- _EXERCISE BRIEF_
Begin your copy at the line that holds "遠瞻亭:建筑燈光亮度為整個軸" and carry it through the final line of the data, writing out each line exactly and omitting pictures.

- _DATA SHOWN_
════════
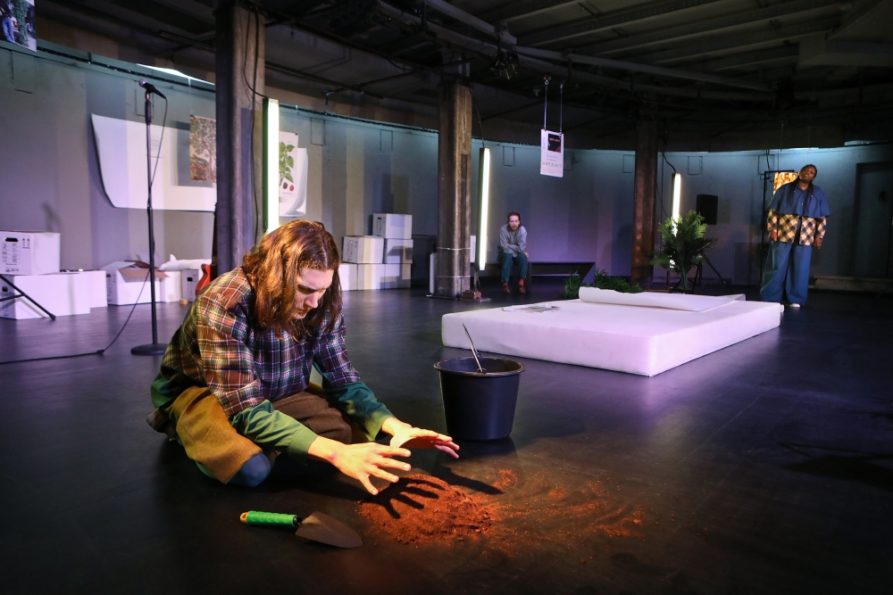 Soweit der Ausgangsplot, der natürlich erst einmal nix mit einem Maulbeerbaum zu tun hat. Der steht eher für die Sehnsucht nach der vergangenen heilen Welt der Kindheit, aber eben auch für eine kalte Fremde, die ein Wachstum dieser Pflanze nicht möglich macht. Gvenetadze inszeniert ihre Parabel an das Nicht-Ankommen in einer neuen Heimat, die keine sein will, in ruhigen fast stillen Szenen, die ein kontinuierliches Folgen der Monologe manchmal schwierig machen, insbesondere wenn die Schauspieler:innen mit dem Rücken zum Publikum sprechen. Da werden nun Zimmerpflanzen und Papierbahnen bewegt, Marius Huth hat Maulbeerbaumsamen im Gepäck, die er trotz aller klimatischen Widerstände pflanzen will, auch das eine Art Gleichnis auf die Versuche, im fremden Land Fuß zu fassen. Aber selbst ein schützendes Gewächshaus aus Leiter und Folie hilft da nicht, auch keine Musikzitate der Band.
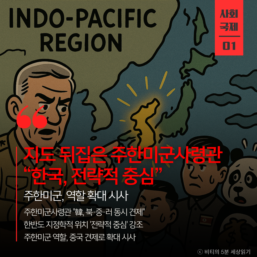 주한미군사령관이 한국의 지정학적 위치가 북한, 중국, 러시아 모두를 견제할 수 있는 '전략적 중심'이라고 강조했다. 이는 주한미군의 역할이 중국·러시아 견제로 확대될 수 있음을 시사한다.
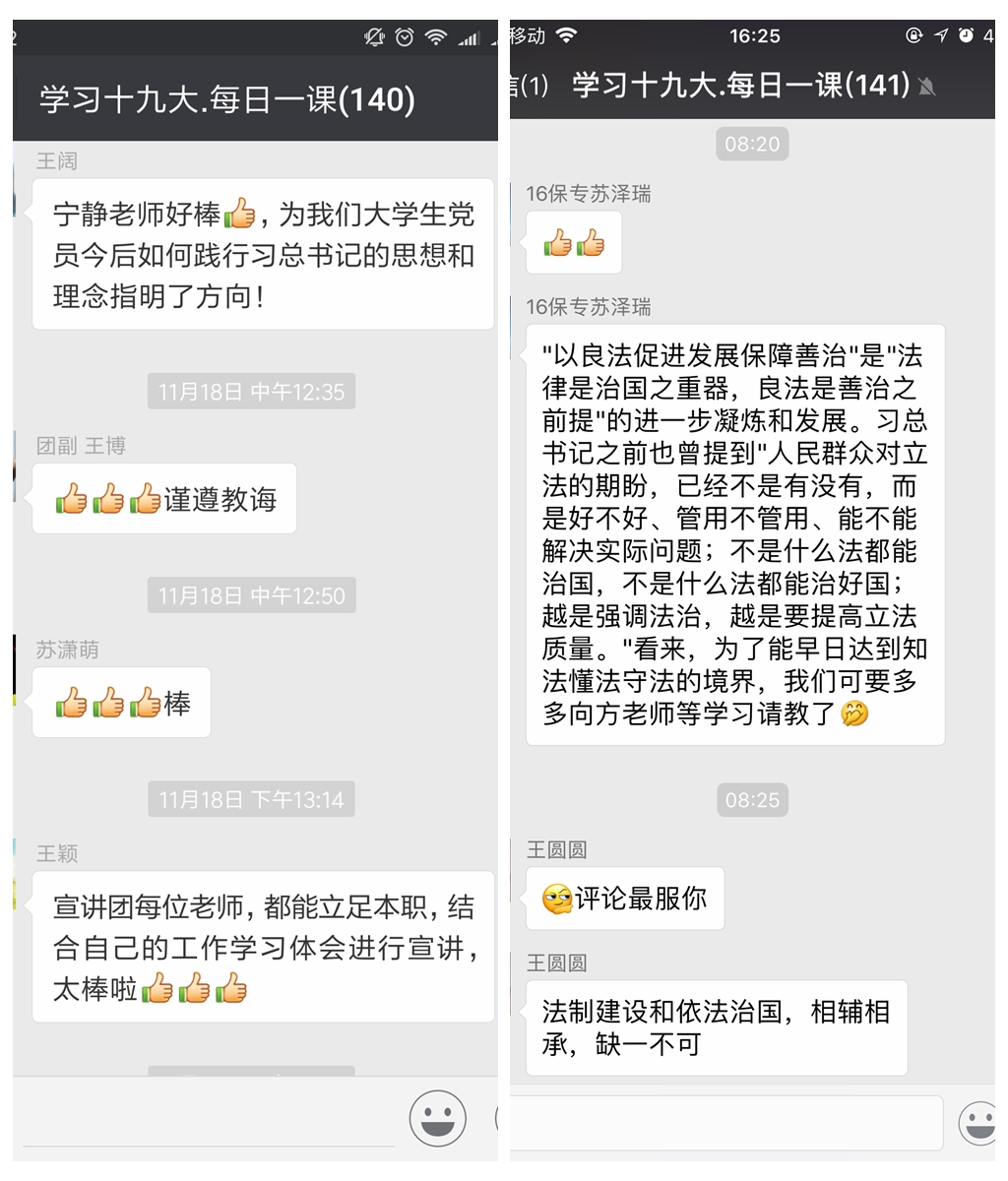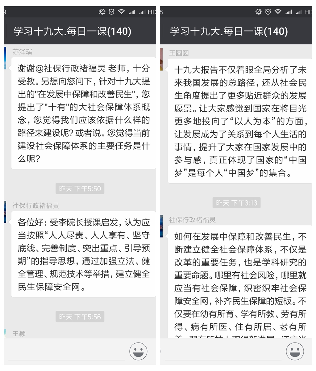 在宣讲的同时,群里的党员们也对宣讲内容深入思考,积极踊跃地发表自己的学习感想,在微信群里进行分享和讨论交流。其中,王圆圆在发言中说,党的十九大报告不仅着眼全局,分析了未来我国发展的总路径,还从社会民生角度提出了更多贴近群众的发展愿景。让大家感觉到国家在将目光更多地投向了“以人为本”的方面,让发展成为了关系到每个人生活的事情,提升了大家在国家发展中的参与感,真正体现了国家的中国梦是每个人中国梦的集合。师生党员们纷纷在群里表示赞同并表达了对中国梦的看法。紧接着,褚福灵老师在群里分享了有关“如何在发展中保障和改善民生,不断建立健全社会保障体系”的想法,他认为不仅要在幼有所育、学有所教、劳有所得、病有所医、老有所养、住有所居、弱有所扶上取得新进展,还应当在灾有所援、贫有所帮、冤有所诉等方面取得新进展,建立起基于“十有”得大社会保障体系。发表想法后,党员们表示赞同也有人表示疑惑,比如,苏泽瑞针对褚福灵老师提出的“十有”的大社会保障体系概念,在群里向褚福灵老师提问“当前建设社会保障体系的主要任务是什么”。褚福灵回答说应当按照“人人尽责、人人享有、坚守底线、完善制度、突出重点、引导预期”的指导思想,通过加强立法、健全管理、规范技术等举措,建立健全民生保障安全网。微信群中的讨论十分积极热烈,针对各类问题大家纷纷深入探讨,收益颇丰。
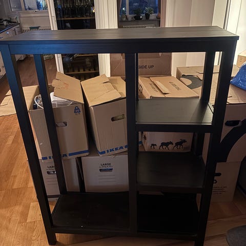 Vittsjö hylla / avlastningsbord från ikea den är mörkbrun och svart.
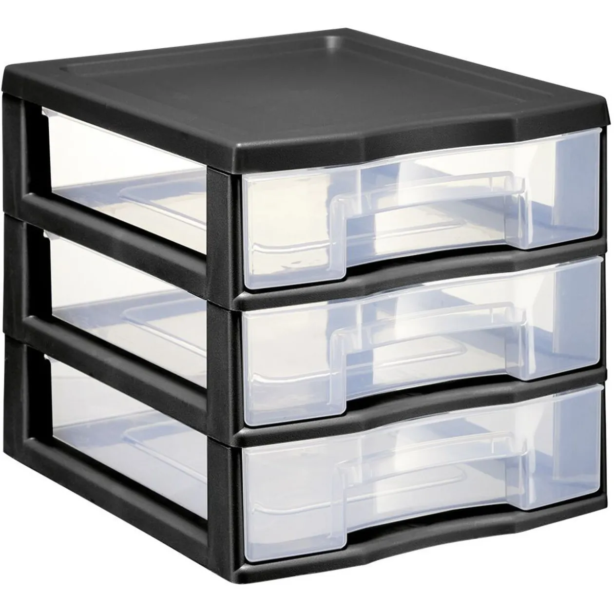 Tour de rangement en plastique noir composée de 3 tiroirs au format A6. Idéale pour organiser vos affaires dans le bureau ou l’atelier.
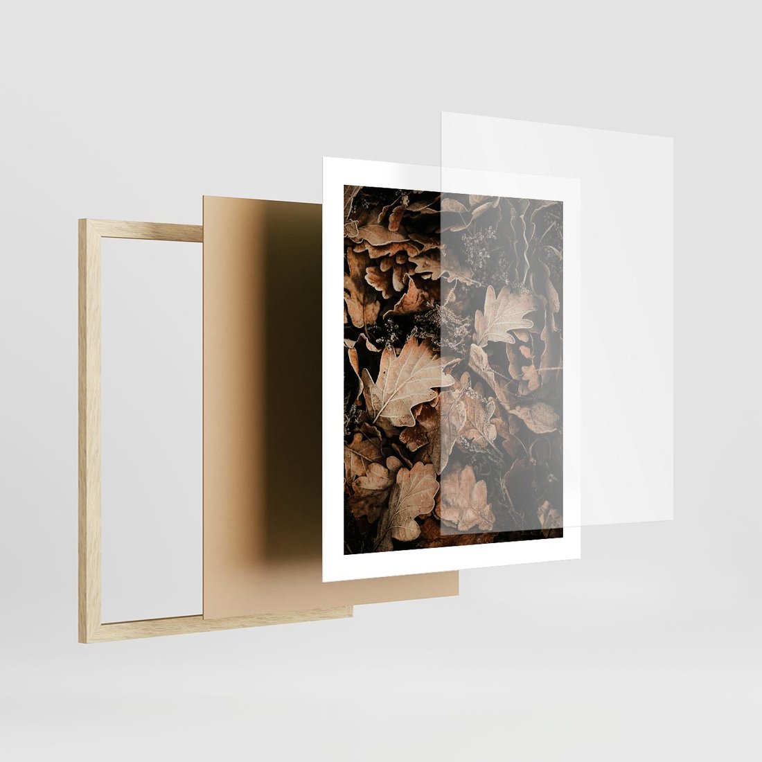 Plakat w ramie 40x50 - Jesienna Melodia: Liście i Szyszki - suche liście, szyszki - rama drewno
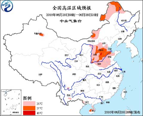 中新網(wǎng)6月28日電 中央氣象臺2010年6月28日06時繼續(xù)發(fā)布高溫藍色預(yù)警:預(yù)計,今天白天,內(nèi)蒙古東北部和中部的部分地區(qū)、黑龍江西北部、山西、河北大部、天津、河南中北部、山東中西部、安徽北部、江蘇西北部、廣東雷州半島、海南北部等地有35~37℃、局地38℃的高溫天氣,其中,河北南部的局部地區(qū)最高氣溫可達40℃。
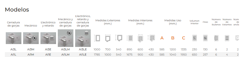 | AI1LM | CERRADURA DE LLAVE + COMBINACIÓN MECÁNICA | NO | 1785x1000x540 mm 650 Ltr 257 KG | ||
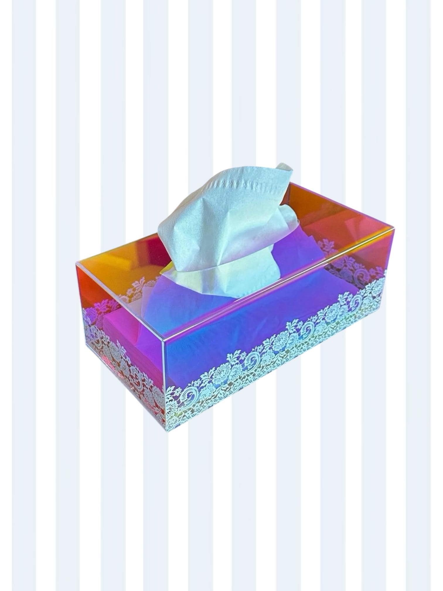 Coquette Pink iridescent Acrylic with lace pattern tissue box cover ideal for new mom or gift Girly Desk Tissue box | Preppy Vanity Decor
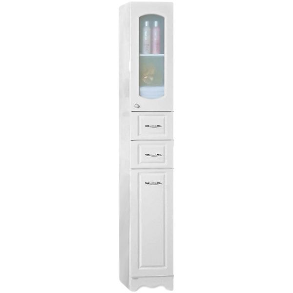 - Напольный шкаф-пенал Бриклаер Анна 32 белый глянцевый, с двумя распашными дверцами, с витражом из матового стекла, с двумя выдвижными ящиками, со съемной бельевой корзиной. Для использования в ванных комнатах с повышенной влажностью.
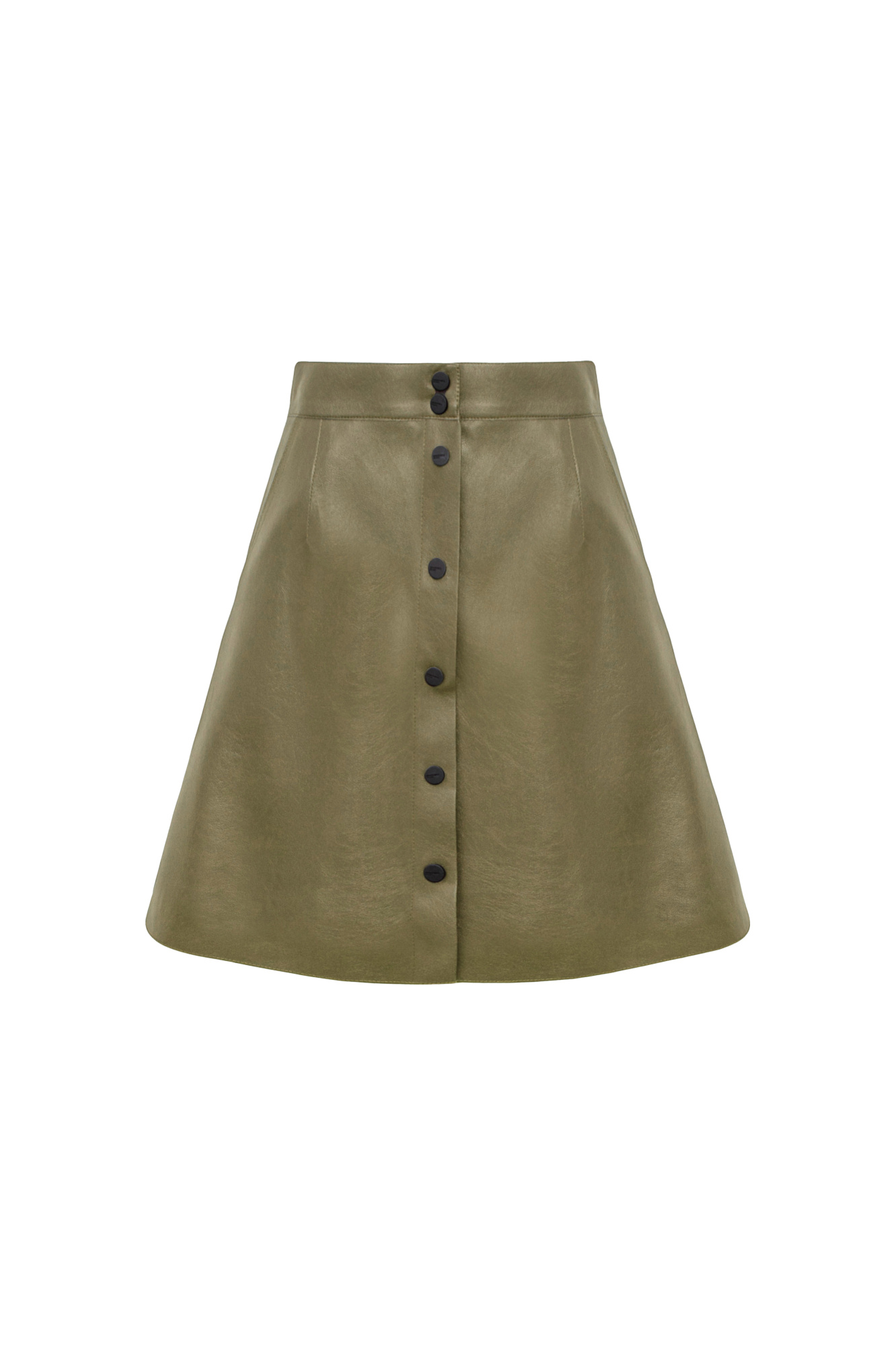 Мини-юбка из двусторонней экокожи с застежкой на пуговицы. Модель трапециевидного силуэта без подкладки.
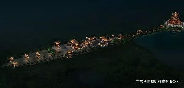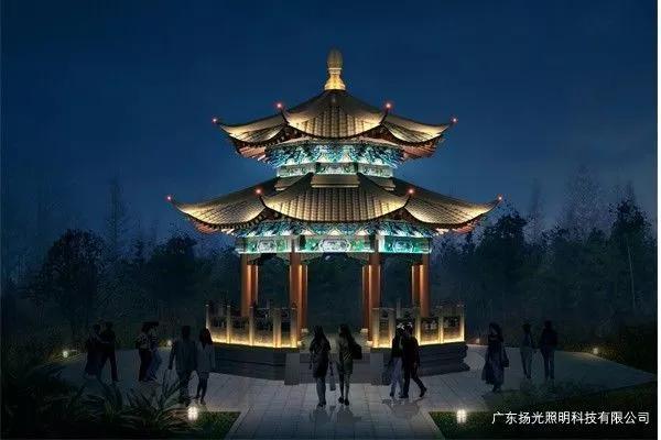遠瞻亭:建筑燈光亮度為整個軸線最低的區域,設計師以多種燈光設計手法體現飛檐,斗拱,主柱精致建筑結構。
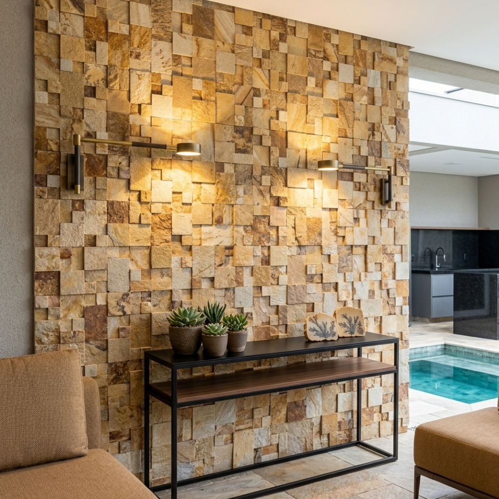 • Visual Uniforme e Moderno: A composição com pedras de mesmo tamanho cria uma estética organizada que transmite sensação de ordem, amplitude e sofisticação “clean”.
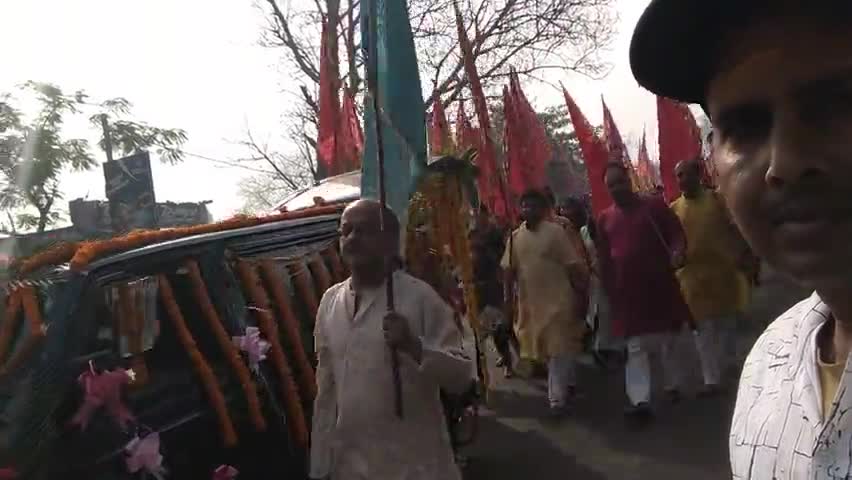 झरिया/जोरापोखर/सिंदरी: श्री श्याम सेवा समिति सिंदरी गौशाला दुर्गा मंदिर के प्रांगण से भव्य श्याम निशान अष्टम शोभा यात्रा झरिया धाम के लिए रवाना
════════
- _SOLUTION TO THE PROBLEM_
遠瞻亭:建筑燈光亮度為整個軸線最低的區域,設計師以多種燈光設計手法體現飛檐,斗拱,主柱精致建筑結構。
 • Visual Uniforme e Moderno: A composição com pedras de mesmo tamanho cria uma estética organizada que transmite sensação de ordem, amplitude e sofisticação “clean”.
 झरिया/जोरापोखर/सिंदरी: श्री श्याम सेवा समिति सिंदरी गौशाला दुर्गा मंदिर के प्रांगण से भव्य श्याम निशान अष्टम शोभा यात्रा झरिया धाम के लिए रवाना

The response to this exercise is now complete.